▶ _Problem to work on_:
In the records below, print each line exactly and leave every image out.

· · · ·

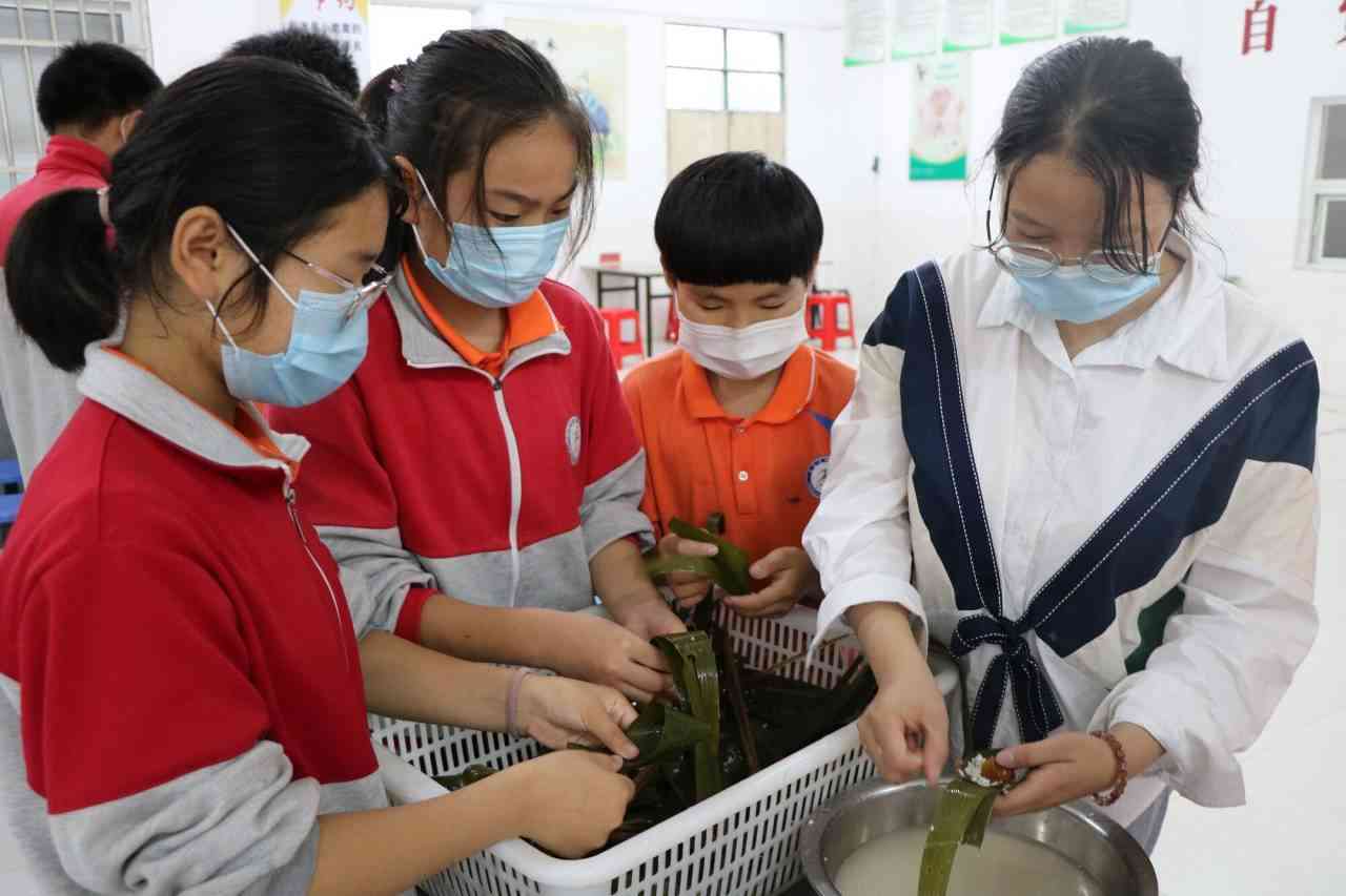 ~ “爱心妈妈”和孩子们分工协作,准备工作进行得井然有序。开始包粽子了,“爱心妈妈”在一旁悉心指点,一边手把手地教留守未成年人裹粽子,一边讲述端午节包粽子的由来并关切地询问学习和生活情况,让孩子们在不知不觉中了解了传统节日……叠粽叶、装糯米、放馅料、捆棕绳,留守未成年人用线把老师对自己的爱系在心上,现场到处洋溢着浓浓的亲情。
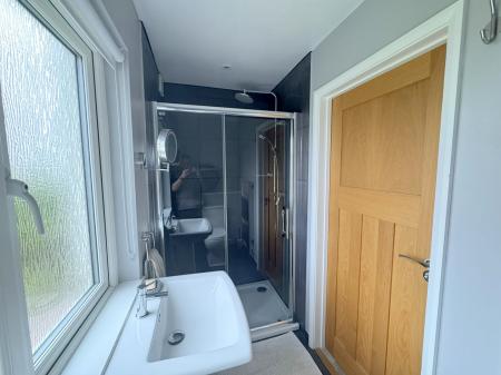 Double glazed window to the rear elevation, shower cubicle, close coupled WC, pedestal wash hand basin, chrome ladder tall handrail, tiled flooring, extractor fan, ceiling spotlights.
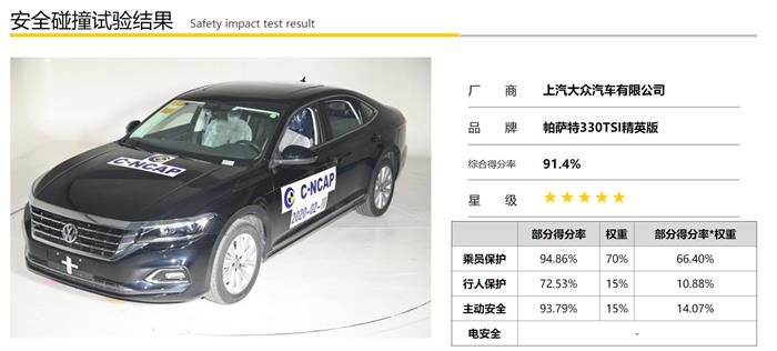 而在最近一次由中汽中心组织的C-NCAP碰撞测试中,帕萨特得到了五星评级。
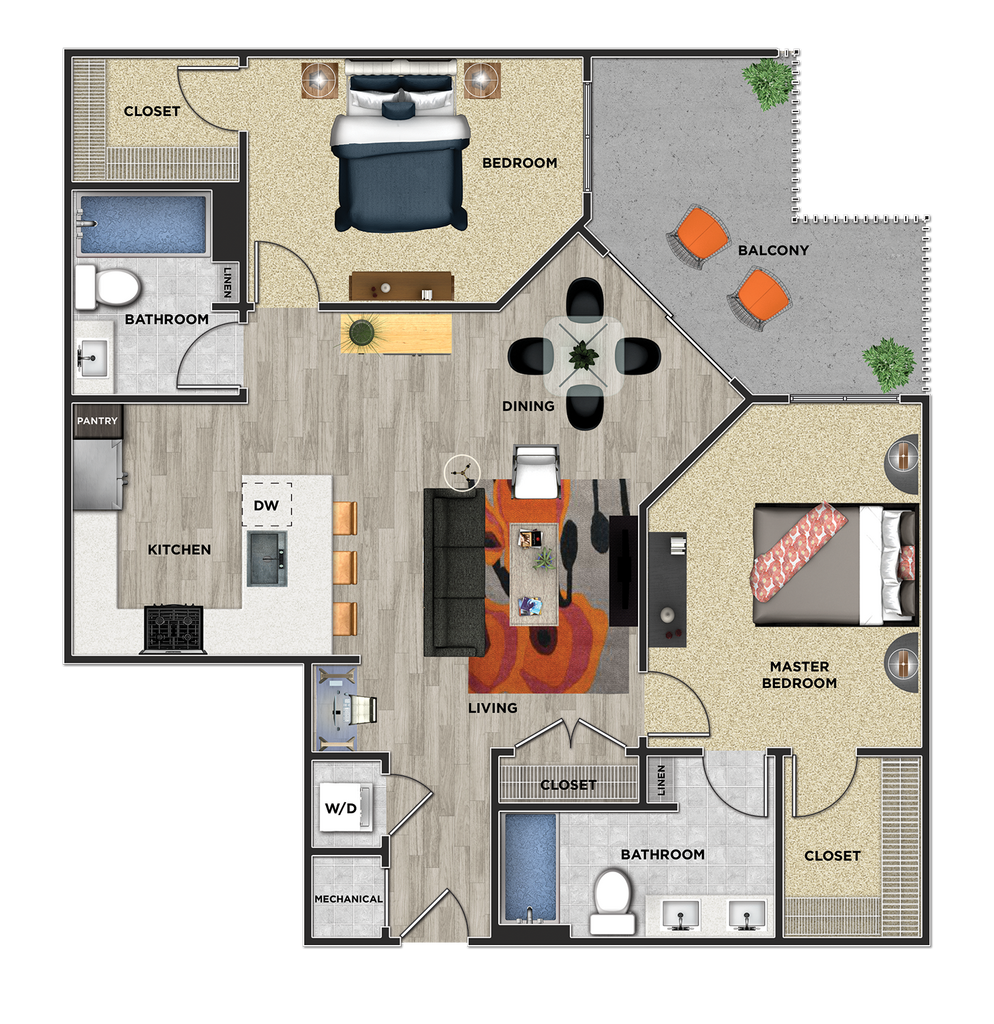 Modelo de apartamento: A1Desde $2,4321 Dormitorio, 1 Baño, 693 sq ftDisponible AhoraPlanosFotos![]()
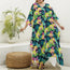 Yellow Orchid Pattern Print Silk V-Neck Kaftan Dress
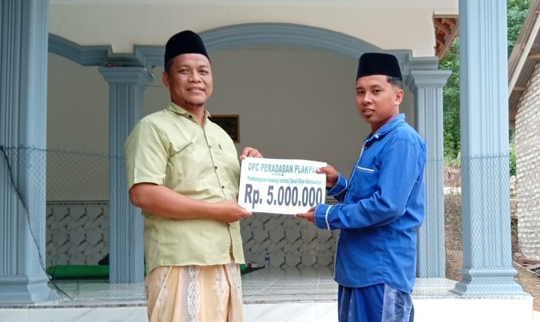 Pegantenan – Ahad, 26 April 2026, Dewan Pimpinan Cabang (DPC) Persatuan Alumni Darul Ulum Banyuanyar (PERADABAN) Desa Plakpak, Kecamatan Pegantenan, Kabupaten Pamekasan, menyerahkan donasi pembangunan Gedung Institut Darul Ulum Banyuanyar (IDB) Pamekasan sebesar Rp5.000.000. Penyerahan dilakukan secara simbolis kepada pengurus Dewan Pimpinan Wilayah (DPW) PERADABAN Pegantenan di Dusun Tacempah, Desa Plakpak. Donasi tersebut merupakan kontribusi para alumni Lembaga Pendidikan Islam Darul Ulum Pondok Pesantren Banyuanyar yang berada di Desa Plakpak, sebagai bentuk nyata dukungan terhadap pengembangan lembaga pendidikan di lingkungan pesantren. Penyerahan bantuan dilakukan langsung oleh Wakil Ketua DPC PERADABAN Desa Plakpak, Moh. Ali Wafa. Kegiatan ini sekaligus menjadi bagian dari komitmen alumni dalam menjaga hubungan emosional dan kontribusi berkelanjutan kepada almamater tercinta. Ketua DPC PERADABAN Plakpak, Moh. Hosni, menyampaikan bahwa donasi tersebut merupakan kali kedua yang diserahkan. Ia menjelaskan, mekanisme penyaluran kali ini dilakukan melalui DPW PERADABAN Pegantenan agar dapat dikelola secara terkoordinasi dengan DPC yang lain. “Donasi ini merupakan yang kedua kalinya dari PERADABAN Plakpak. Jika sebelumnya diserahkan langsung ke pesantren, kali ini kami salurkan melalui DPW PERADABAN Pegantenan agar dapat dihimpun bersama donasi lainnya. Bagi kami, yang terpenting adalah keberlanjutan khidmat alumni sebagai bentuk pengabdian kepada pesantren dan para guru,” ujarnya. Sementara itu, pengurus DPW PERADABAN Pegantenan Koordinator Bidang Keorganisasian, Fathor Rofiq, menyampaikan apresiasi dan terima kasih atas kontribusi yang diberikan oleh DPC PERADABAN Plakpak beserta seluruh alumni. “Kami mengucapkan terima kasih kepada seluruh pengurus DPC PERADABAN Plakpak dan alumni Darul Ulum Banyuanyar di Desa Plakpak atas dukungan dana pembangunan Gedung IDB. Ini merupakan wujud tanggung jawab moral dan sosial alumni dalam mendukung pengembangan pendidikan di Pondok Pesantren Banyuanyar,” ungkapnya. Ia menambahkan, kontribusi tersebut menjadi bukti nyata kepedulian alumni dalam memperkuat eksistensi dan kemajuan lembaga pendidikan pesantren di masa mendatang.
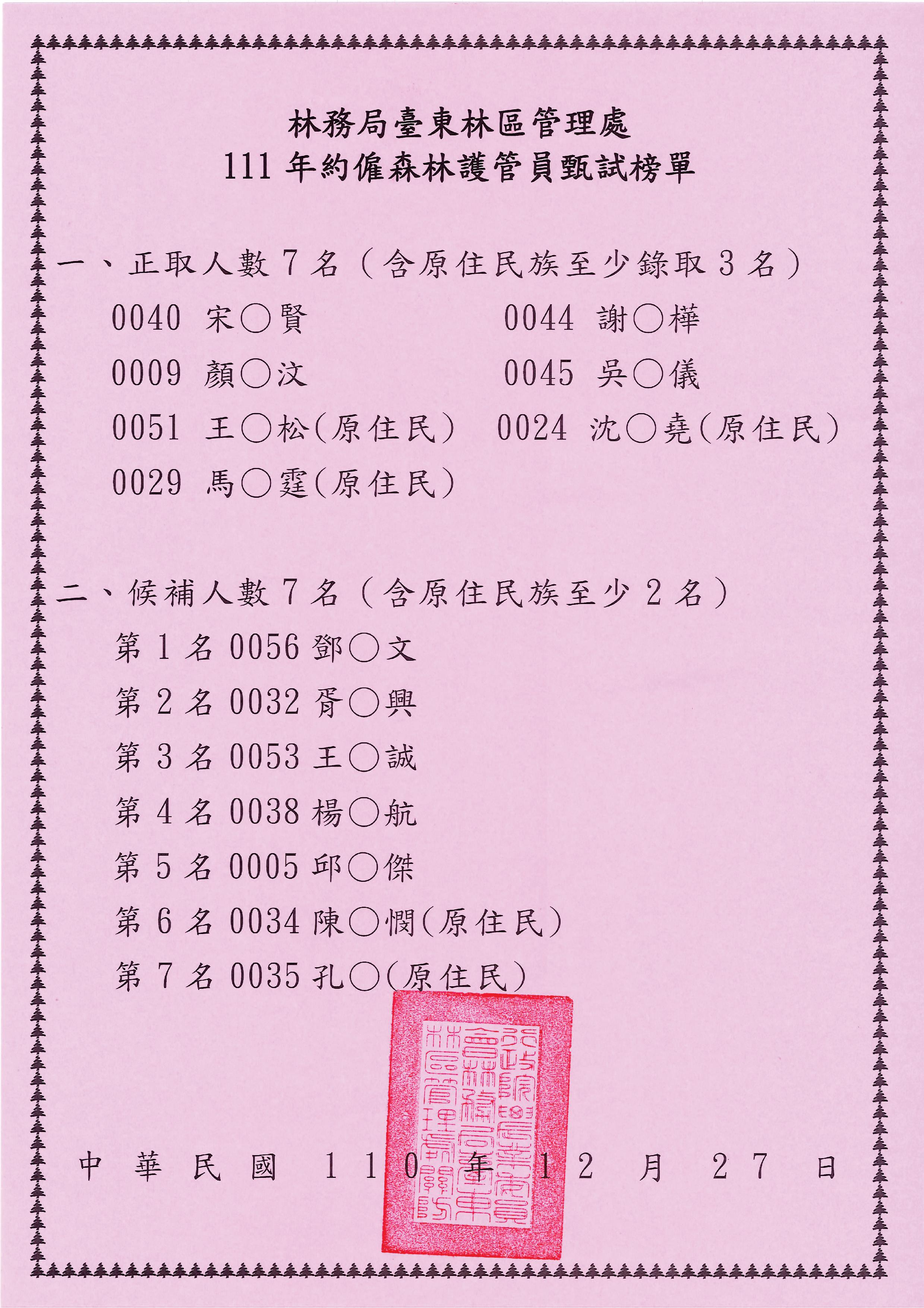 林務局臺東林區管理處111年約僱森林護管員甄試於今(27)日放榜,本次考生計有65人,到考55人,到考率84.62%,錄取正取7人(候補7人),錄取率12.72 %,其中原住民3人,占總錄取人數42.86%,女性錄取人數2人,占總錄取人數28.57%。本次正取的7位約僱森林護管員,平均年齡30歲,最年長者39歲,最年輕者24歲,值得一提的是其中有兩位女性考生巾幗不讓鬚眉的完成了循環檔機車騎乘、負重跑走、筆試及口試等關卡並脫穎而出。 臺東處吳昌祐處長表示,睽違23年後首次自辦招考,在臺東監理站、臺東縣立東海國中的協助及同仁們的努力下,甄試順利圓滿,昨(26)日完成甄試隨即核算成績確認錄取名單,新進森林護管員自報到訓練起即支領月薪30,030元,晉用後依每年各等專業訓練合格及年終考核成績情形逐步晉報酬薪點,最高可晉級至約僱五等330 薪點,每月薪酬45,045 元,另依實際執行山地巡護勤務情形,每月得支2,000元至5000元不等的山地巡護作業費。 錄取的約僱森林護管員將於明(111)年1月17日統一報到,為使這批生力軍具備護管員基本專業素養、充實實務知識與了解林務局重要政策,後續已規劃一個月充實的學科與術科訓練,相信經過課程洗禮後,未來必能為保護山林、查緝盜伐、濫墾等國土保育工作有所貢獻。

· · · ·

▶ _Output_:
 ~ “爱心妈妈”和孩子们分工协作,准备工作进行得井然有序。开始包粽子了,“爱心妈妈”在一旁悉心指点,一边手把手地教留守未成年人裹粽子,一边讲述端午节包粽子的由来并关切地询问学习和生活情况,让孩子们在不知不觉中了解了传统节日……叠粽叶、装糯米、放馅料、捆棕绳,留守未成年人用线把老师对自己的爱系在心上,现场到处洋溢着浓浓的亲情。
 Double glazed window to the rear elevation, shower cubicle, close coupled WC, pedestal wash hand basin, chrome ladder tall handrail, tiled flooring, extractor fan, ceiling spotlights.
 而在最近一次由中汽中心组织的C-NCAP碰撞测试中,帕萨特得到了五星评级。
 Modelo de apartamento: A1Desde $2,4321 Dormitorio, 1 Baño, 693 sq ftDisponible AhoraPlanosFotos![]()
 Yellow Orchid Pattern Print Silk V-Neck Kaftan Dress
 Pegantenan – Ahad, 26 April 2026, Dewan Pimpinan Cabang (DPC) Persatuan Alumni Darul Ulum Banyuanyar (PERADABAN) Desa Plakpak, Kecamatan Pegantenan, Kabupaten Pamekasan, menyerahkan donasi pembangunan Gedung Institut Darul Ulum Banyuanyar (IDB) Pamekasan sebesar Rp5.000.000. Penyerahan dilakukan secara simbolis kepada pengurus Dewan Pimpinan Wilayah (DPW) PERADABAN Pegantenan di Dusun Tacempah, Desa Plakpak. Donasi tersebut merupakan kontribusi para alumni Lembaga Pendidikan Islam Darul Ulum Pondok Pesantren Banyuanyar yang berada di Desa Plakpak, sebagai bentuk nyata dukungan terhadap pengembangan lembaga pendidikan di lingkungan pesantren. Penyerahan bantuan dilakukan langsung oleh Wakil Ketua DPC PERADABAN Desa Plakpak, Moh. Ali Wafa. Kegiatan ini sekaligus menjadi bagian dari komitmen alumni dalam menjaga hubungan emosional dan kontribusi berkelanjutan kepada almamater tercinta. Ketua DPC PERADABAN Plakpak, Moh. Hosni, menyampaikan bahwa donasi tersebut merupakan kali kedua yang diserahkan. Ia menjelaskan, mekanisme penyaluran kali ini dilakukan melalui DPW PERADABAN Pegantenan agar dapat dikelola secara terkoordinasi dengan DPC yang lain. “Donasi ini merupakan yang kedua kalinya dari PERADABAN Plakpak. Jika sebelumnya diserahkan langsung ke pesantren, kali ini kami salurkan melalui DPW PERADABAN Pegantenan agar dapat dihimpun bersama donasi lainnya. Bagi kami, yang terpenting adalah keberlanjutan khidmat alumni sebagai bentuk pengabdian kepada pesantren dan para guru,” ujarnya. Sementara itu, pengurus DPW PERADABAN Pegantenan Koordinator Bidang Keorganisasian, Fathor Rofiq, menyampaikan apresiasi dan terima kasih atas kontribusi yang diberikan oleh DPC PERADABAN Plakpak beserta seluruh alumni. “Kami mengucapkan terima kasih kepada seluruh pengurus DPC PERADABAN Plakpak dan alumni Darul Ulum Banyuanyar di Desa Plakpak atas dukungan dana pembangunan Gedung IDB. Ini merupakan wujud tanggung jawab moral dan sosial alumni dalam mendukung pengembangan pendidikan di Pondok Pesantren Banyuanyar,” ungkapnya. Ia menambahkan, kontribusi tersebut menjadi bukti nyata kepedulian alumni dalam memperkuat eksistensi dan kemajuan lembaga pendidikan pesantren di masa mendatang.
 林務局臺東林區管理處111年約僱森林護管員甄試於今(27)日放榜,本次考生計有65人,到考55人,到考率84.62%,錄取正取7人(候補7人),錄取率12.72 %,其中原住民3人,占總錄取人數42.86%,女性錄取人數2人,占總錄取人數28.57%。本次正取的7位約僱森林護管員,平均年齡30歲,最年長者39歲,最年輕者24歲,值得一提的是其中有兩位女性考生巾幗不讓鬚眉的完成了循環檔機車騎乘、負重跑走、筆試及口試等關卡並脫穎而出。 臺東處吳昌祐處長表示,睽違23年後首次自辦招考,在臺東監理站、臺東縣立東海國中的協助及同仁們的努力下,甄試順利圓滿,昨(26)日完成甄試隨即核算成績確認錄取名單,新進森林護管員自報到訓練起即支領月薪30,030元,晉用後依每年各等專業訓練合格及年終考核成績情形逐步晉報酬薪點,最高可晉級至約僱五等330 薪點,每月薪酬45,045 元,另依實際執行山地巡護勤務情形,每月得支2,000元至5000元不等的山地巡護作業費。 錄取的約僱森林護管員將於明(111)年1月17日統一報到,為使這批生力軍具備護管員基本專業素養、充實實務知識與了解林務局重要政策,後續已規劃一個月充實的學科與術科訓練,相信經過課程洗禮後,未來必能為保護山林、查緝盜伐、濫墾等國土保育工作有所貢獻。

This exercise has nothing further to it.